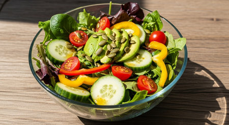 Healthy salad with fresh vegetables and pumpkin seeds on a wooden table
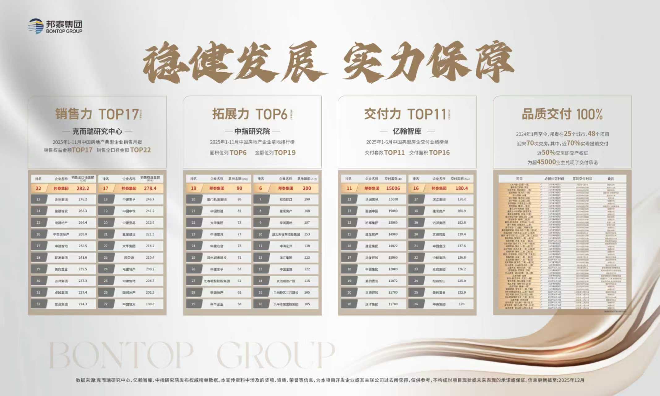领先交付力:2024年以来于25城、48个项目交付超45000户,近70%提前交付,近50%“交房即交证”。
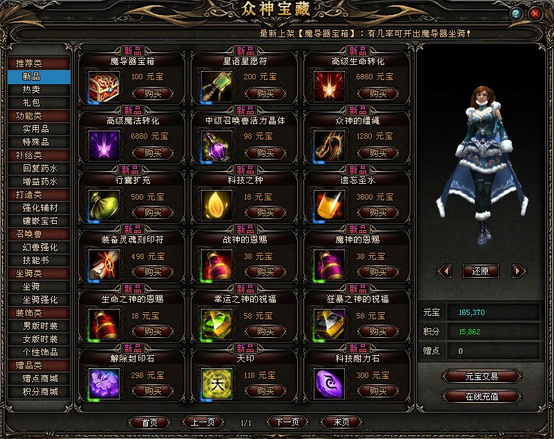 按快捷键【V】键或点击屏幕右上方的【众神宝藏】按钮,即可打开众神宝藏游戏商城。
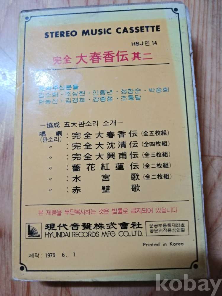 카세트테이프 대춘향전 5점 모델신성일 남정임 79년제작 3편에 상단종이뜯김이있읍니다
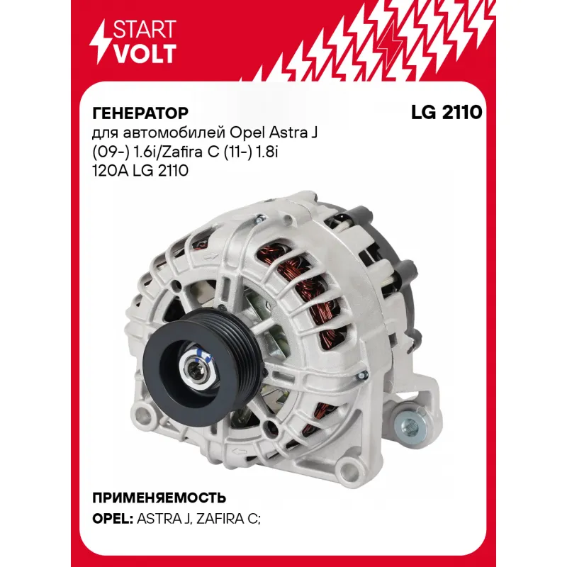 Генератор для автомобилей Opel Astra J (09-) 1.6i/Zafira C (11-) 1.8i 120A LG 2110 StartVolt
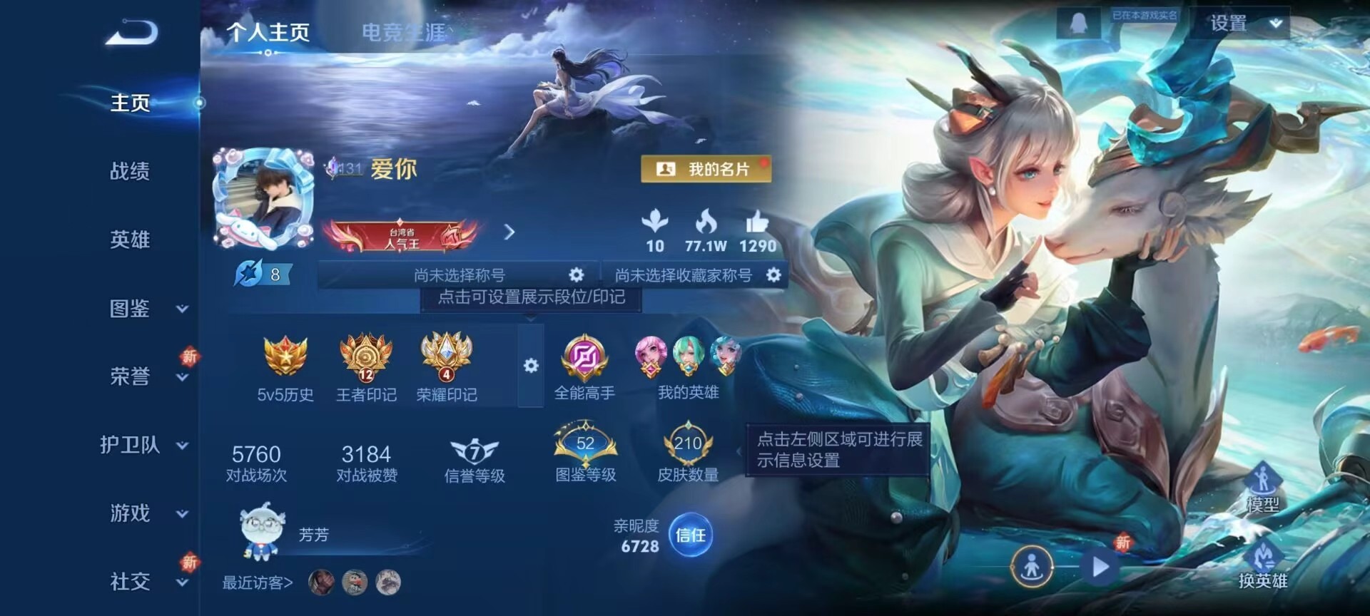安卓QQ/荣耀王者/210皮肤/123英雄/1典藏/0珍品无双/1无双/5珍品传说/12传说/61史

§ What is required: Retype exactly the lines above, starting at the line containing "按快捷键【V】键或点击屏幕右上方的【众神宝藏】按钮,即可打开众神宝藏游戏商城。" and ending with the last line, both included; leave out the pictures.

§ Exercise result:
 按快捷键【V】键或点击屏幕右上方的【众神宝藏】按钮,即可打开众神宝藏游戏商城。
 카세트테이프 대춘향전 5점 모델신성일 남정임 79년제작 3편에 상단종이뜯김이있읍니다
 Генератор для автомобилей Opel Astra J (09-) 1.6i/Zafira C (11-) 1.8i 120A LG 2110 StartVolt
安卓QQ/荣耀王者/210皮肤/123英雄/1典藏/0珍品无双/1无双/5珍品传说/12传说/61史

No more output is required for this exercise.